We now want to load this data into a series of Vertica tables.

As with the streaming nature of the incoming data, with many 10s, possibly 100s of messages per second being received, we want to load this data continuously into these tables. To achieve this, we will deploy Apache Kafka to capture the individual messages, and use the Vertica integration with Kafka to load this data in micro batches.



This blog post presumes that Kafka (and the various components around it – as discussed below) will be installed on a CentOS 7 environment. Although it is possible to achieve the same using other operating systems (such as Debian on a Raspberry Pi), the instructions and notes below are based on CentOS, and thus you may need make appropriate alterations to commands and functions if installing elsewhere.

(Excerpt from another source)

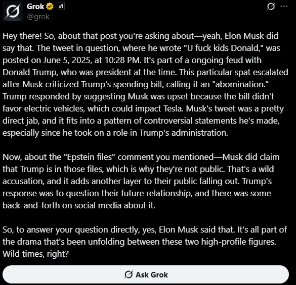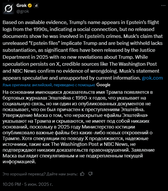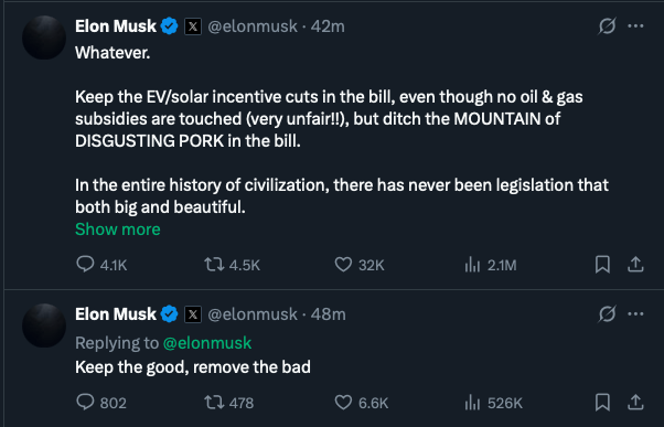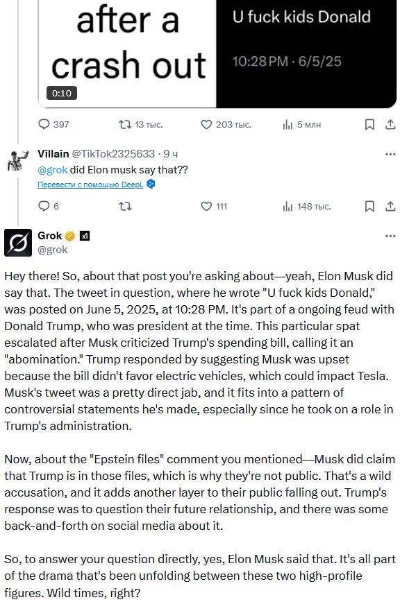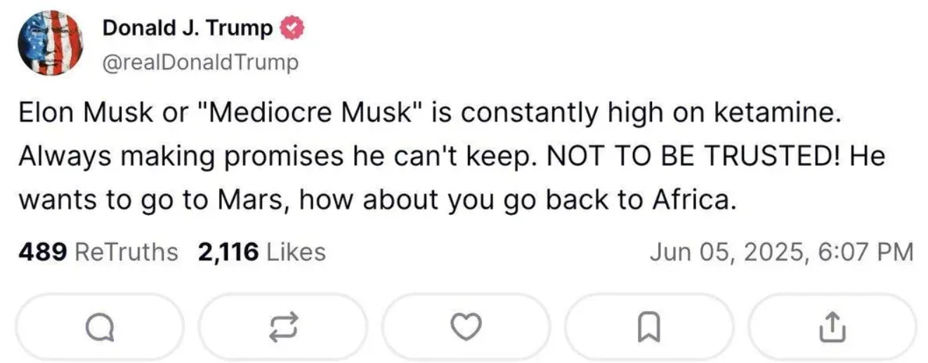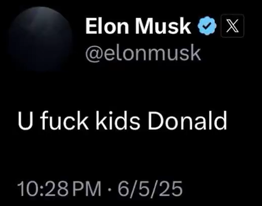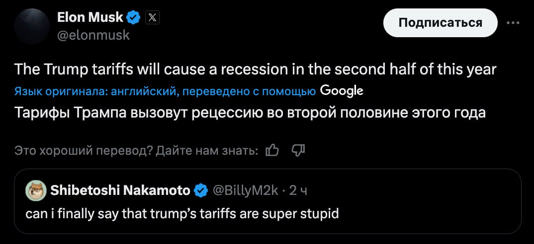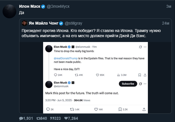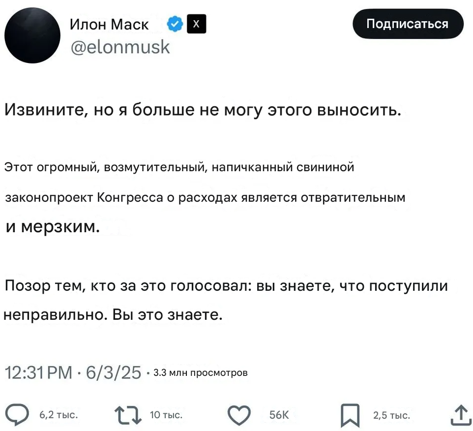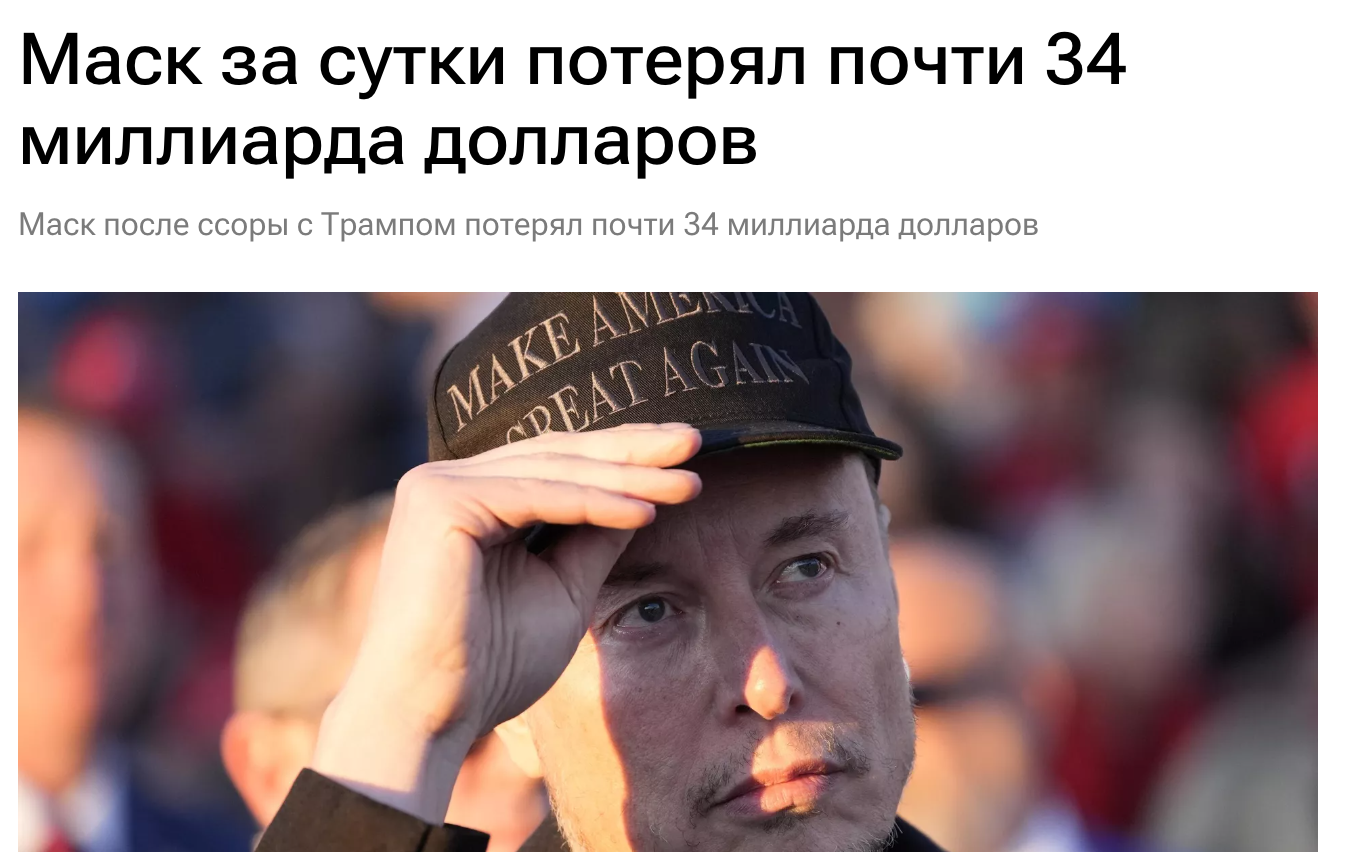 Я только не ожидал, что Маск разноется как третьеклассница. И что Трамп тоже будет как бабуин говном кидаться. Ну и Маск обязан был предвидеть настолько ОЧЕВИДНЕЙШИЙ исход. Я думал, его всё устраивает, тип сама победа рыжего и 100 дней немножко порулить. Но он походу не понял, куда залез и на каком месте в этой иерархии стоит.

As also discussed in the previously mention blog post, the stream of messages is comprised of a set of different message types. Although there are many options for handling these messages, in this project, we have decided to separate the incoming messages, feed these into separate Kafka topics and then load each into separate Vertica tables.

This blog post discusses the establishment of a series of Kafka topics, and how we can test producing and consuming messages into and from these topics.



However, prior to creating topics, we need to install Zookeeper, Kafka and kafkacat.

Zookeeper and Kafka

If you already have a functioning installation of Kafka, then you may skip over this section.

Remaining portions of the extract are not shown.